In fact, forest bathing, a form of mindfulness achieved through immersion in a woodland or forest environment, has been widely praised for its ability to reduce blood pressure, lower cortisol levels and improve concentration and memory. So much so that it has formed part of the Japanese health programme for over 40 years.
Spending time outdoors during daylight hours also helps ensure you get your daily Vitamin D. Sunlight is the most important natural source of this essential vitamin, which is vital for healthy bones and blood cells and also helps to boost your immune system.
60 minutes: Embrace JOMO
In today’s fast-paced world, enjoying an hour to yourself is the ultimate form of luxury.

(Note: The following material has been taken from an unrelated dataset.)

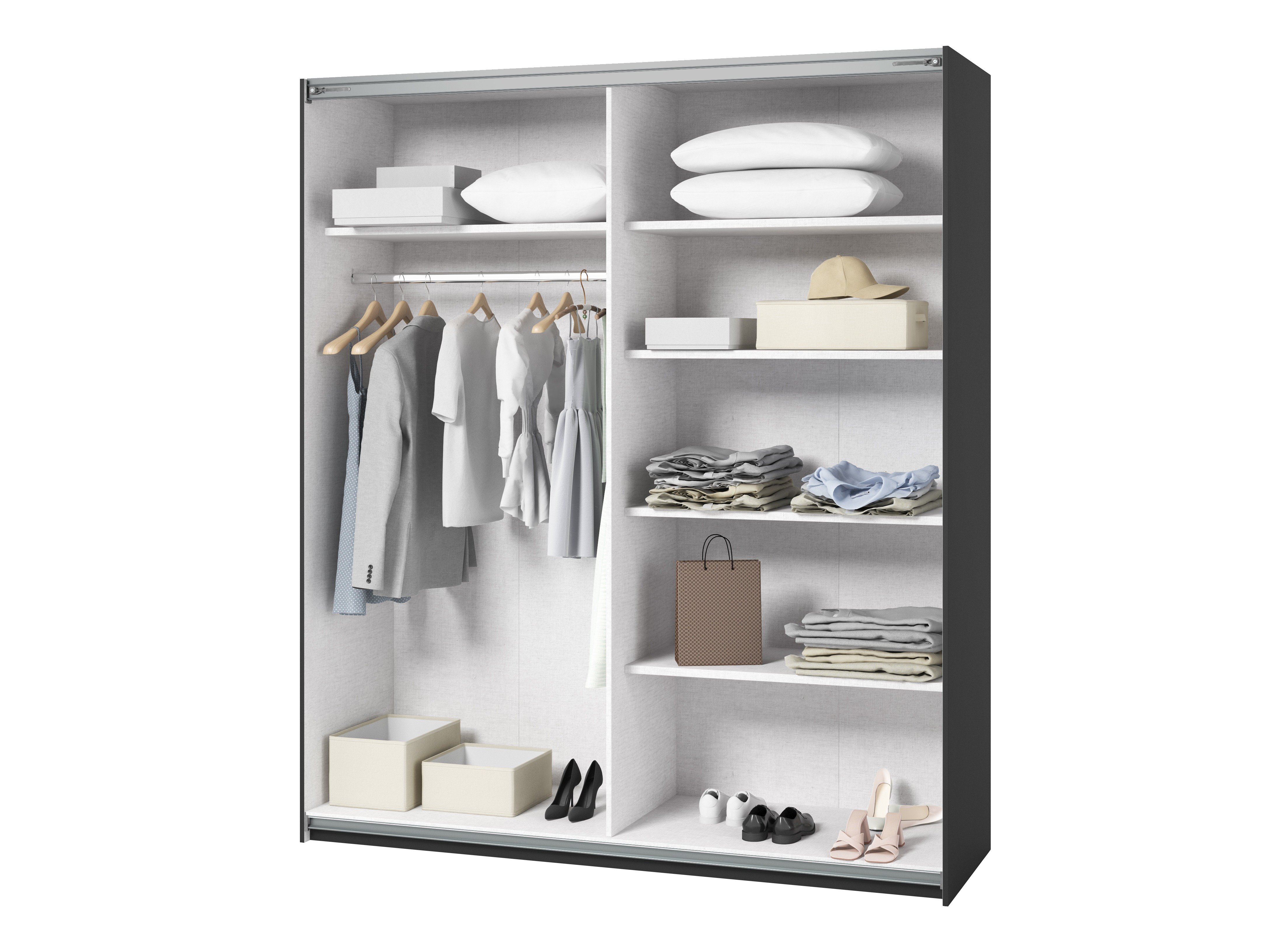 La collection de chambres présente des meubles de couleur moderne et des panneaux de meubles de la plus haute qualité. La collection comprend un lit avec une boîte à literie, ce qui vous garantira une bonne nuit de sommeil. La collection comprend également une commode pratique avec portes et tiroirs, des tables de chevet et une armoire. La collection aidera à créer un design de chambre fonctionnel et confortable. Ce mobilier répondra aux attentes les plus élevées.

Social media channels perpetuate the idea that everyone else is ‘better than’, whether in terms of the way they look, the clothes they wear, the holidays they take, their lifestyle, home, health or fitness. Instead of allowing yourself to get sucked into a negative cycle of constant comparisons and allowing them to generate unnecessary frustrations or dissatisfaction, put the tech away and enjoy spending an hour focusing on the contentment that comes from allowing yourself to just ‘be’. In fact, people who reject the idea of ‘fear of missing out’ are more likely to be content with who and where they are in their life.
So, throw on some comfy clothes, crack open a bottle of wine or savour the process of making a delicious hot chocolate, watch your favourite TV show, enjoy some warming comfort food and embrace the ‘joy of missing out’.